_RECORDS PROVIDED:_
=== Begin Enclosure ===

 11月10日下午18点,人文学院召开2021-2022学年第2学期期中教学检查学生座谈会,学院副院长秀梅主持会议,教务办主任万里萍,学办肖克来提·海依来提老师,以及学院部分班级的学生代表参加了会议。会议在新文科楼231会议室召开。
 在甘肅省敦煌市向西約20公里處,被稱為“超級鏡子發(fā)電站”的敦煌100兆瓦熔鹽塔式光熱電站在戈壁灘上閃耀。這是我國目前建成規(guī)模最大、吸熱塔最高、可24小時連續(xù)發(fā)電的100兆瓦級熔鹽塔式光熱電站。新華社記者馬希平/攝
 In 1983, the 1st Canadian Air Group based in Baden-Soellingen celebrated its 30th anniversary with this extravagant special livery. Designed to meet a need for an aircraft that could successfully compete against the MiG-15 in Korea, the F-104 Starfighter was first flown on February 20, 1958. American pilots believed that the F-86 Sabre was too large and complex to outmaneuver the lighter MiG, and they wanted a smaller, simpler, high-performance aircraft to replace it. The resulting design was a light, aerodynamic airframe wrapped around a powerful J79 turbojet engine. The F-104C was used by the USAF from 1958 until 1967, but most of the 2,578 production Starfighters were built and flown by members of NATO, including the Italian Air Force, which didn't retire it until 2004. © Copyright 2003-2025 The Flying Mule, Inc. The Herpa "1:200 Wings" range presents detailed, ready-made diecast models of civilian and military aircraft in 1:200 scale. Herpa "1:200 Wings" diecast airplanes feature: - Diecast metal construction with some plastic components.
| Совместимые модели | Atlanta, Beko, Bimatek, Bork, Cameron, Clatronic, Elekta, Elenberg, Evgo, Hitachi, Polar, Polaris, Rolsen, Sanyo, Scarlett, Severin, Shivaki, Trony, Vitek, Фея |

=== End Enclosure ===
=== Begin Enclosure ===

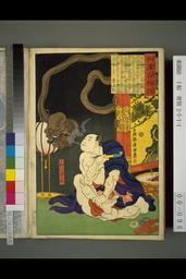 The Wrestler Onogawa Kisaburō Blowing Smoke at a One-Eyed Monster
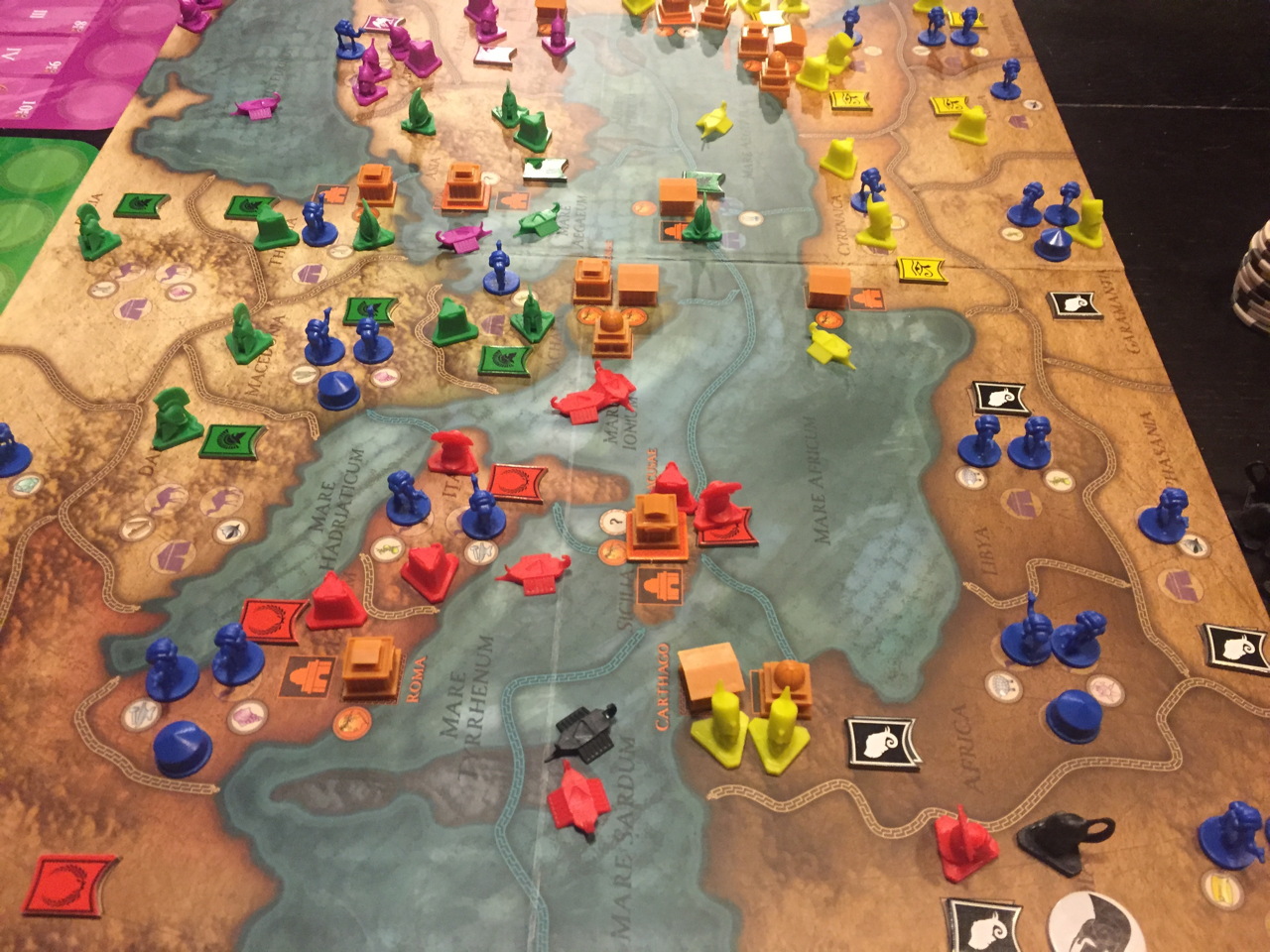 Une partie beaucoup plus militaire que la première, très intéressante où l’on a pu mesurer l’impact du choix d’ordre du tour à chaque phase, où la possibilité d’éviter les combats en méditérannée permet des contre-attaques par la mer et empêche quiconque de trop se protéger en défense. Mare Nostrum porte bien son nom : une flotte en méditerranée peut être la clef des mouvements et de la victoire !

=== End Enclosure ===

_PROMPT:_ What you give back must be the stretch above, starting at the line with "11月10日下午18点,人文" and ending at the line with "在甘肅省敦煌市向西約20公里", copied exactly.

_FINISHED TASK:_
 11月10日下午18点,人文学院召开2021-2022学年第2学期期中教学检查学生座谈会,学院副院长秀梅主持会议,教务办主任万里萍,学办肖克来提·海依来提老师,以及学院部分班级的学生代表参加了会议。会议在新文科楼231会议室召开。
 在甘肅省敦煌市向西約20公里處,被稱為“超級鏡子發(fā)電站”的敦煌100兆瓦熔鹽塔式光熱電站在戈壁灘上閃耀。這是我國目前建成規(guī)模最大、吸熱塔最高、可24小時連續(xù)發(fā)電的100兆瓦級熔鹽塔式光熱電站。新華社記者馬希平/攝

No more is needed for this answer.